- Pine watched as the group settled down to rest, idle chatter filling the quiet that would otherwise have lingered. There had been little silence or stillness in his life ever since he had joined them. "And what about you, Pine?" came the question, involving him in their discussion without his say-so, reminding him that they considered him part of their group despite his differences. "What is your favourite childhood memory?"His idle growing time hadn't lasted nearly as long as he thought they were used to, especially not the longer races. There were always things to do in a roaming tabaxi camp, and his early years were filled with learning of that sort, rather than play. Still, there was an enduring memory that he looked back upon with fondness. There had been little time to consider such things in recent times. Little time for anything except the desperate attempt at survival and their current tasks, but he supposed in this short time of rest, there was time. It was a distraction, he knew, for the group to remember things in the world they enjoyed, things to keep fighting to preserve. "The first time I met a dwarf," he said after that moment of contemplation. That was the simplest explanation, but they were still looking at him, questions poised on those lips, despite the fact that he did not wish to share such things casually. "I had never seen any of the furless races before."
- He still remembered those hands; large as he had been small. They had been rough from a long lifetime of toil, but smooth in a way that had been fascinating to him, only the scantest of hairs seen anywhere, and certainly nothing like his people. They had gone there to trade, but had become trapped by the weather that had made travel from it too treacherous. A whole winter they had stayed and been welcomed, each of the clan's young sent to different of the dwarves to learn what they could and to keep them occupied while unable to roam in outside as they were used to.

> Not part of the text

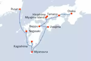 L'essentiel du Japon Itinéraire: Osaka , Tamano , Miyajima Island , Hiroshima , Beppu , Miyazaki , Kagoshima , Yakushima , Nagasaki , Pusan Pension Complète Le Soleal 9 jours Cabine extérieure Osaka 16/03/2026 dès 7450 € Boissons incluses Luxe Francophone Gastronomie Ducasse Conseils Service Majordome inclus Pension Complète Voir les offres

He'd been given to her, still so young that he struggled with balance at times, because he was small and because out of all of the young in his clan he was the quietest. He realized that now, because she had been old for a dwarf, her greying years well under way. She would have struggled with keeping track of the more rambunctious of the clan's young. Hours she spent talking to him each day, oftentimes stroking over his fur, or combing it using a finely crafted comb made of gemstone that glittered in a way that had fascinated him. On her lap he learned dwarvish, he learned of the dwarven clans and their history, he learned of the ways people interacted and why, because she was happy to just talk and talk about what she saw while he listened. He grew in the months that they stayed there, and he learned from the wisdom of one that had walked the earth for hundreds of years. He liked to think that some of that wisdom stuck with him, as her words often had. But it was the largeness of those furless hands that he remembered the most. How they were warm, and kind, and had cradled him in their gentle care. Of the scent of her skin and the patina of the dwarven hold they were staying in, and that lilt of her voice as she murmured to him in his sleepy rest on her lap. - He looked up and over to the rest of the group to find that their conversation and attention had moved on. It was better that way. He had no wish to recount the tale to others more than he had.

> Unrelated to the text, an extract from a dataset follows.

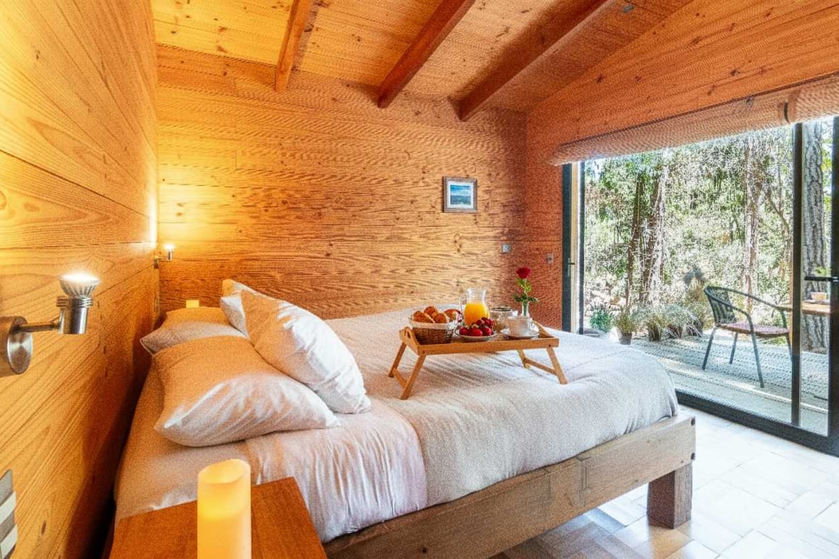 Contamos con dos cabañas boutique premium matrimoniales para dos personas completamente equipadas , sin cocina , aire acondicionado, caja de seguridad , frigobar , secador de pelo , televisión satelita 42'l HD , wifi , asesoria turísticas cerca de restoranes y viñas de la zona . Además de una gran piscina y un excelente vino de bienvenida. INCLUYE DESAYUNO , sin servicio de mucama

As Effie gets the question, she thinks for a long moment before finally answering with a smirk on her lips "The first time I didn't need the Baron saving my ass."
If pushed for more details, she'd describe a very young Effie, watching a wealthy nobleman strolling through the circus grounds. Her heart pounding with excitement as she plots her next move.
She'd decided to attempt a daring theft against this egocentric lord-of-something, hoping to slip the coin pouch from his pocket.
As he passes by, Effie moves with practiced grace, her body language suggesting she's merely admiring the spectacle. She reaches out, her fingers brushing against the nobleman's coat. But at the last moment, her hand falters, the fear of being caught taking over. Just as she's about to give up, the nobleman turns to look at her. Effie freezes, her heart pounding in her chest. The nobleman, however, is not oblivious to her attempt. His face contorts with anger as he catches her red-handed. "How dare you!?" he exclaims, his voice filled with fury. "How dare you try to steal from me, a noble of the realm!?"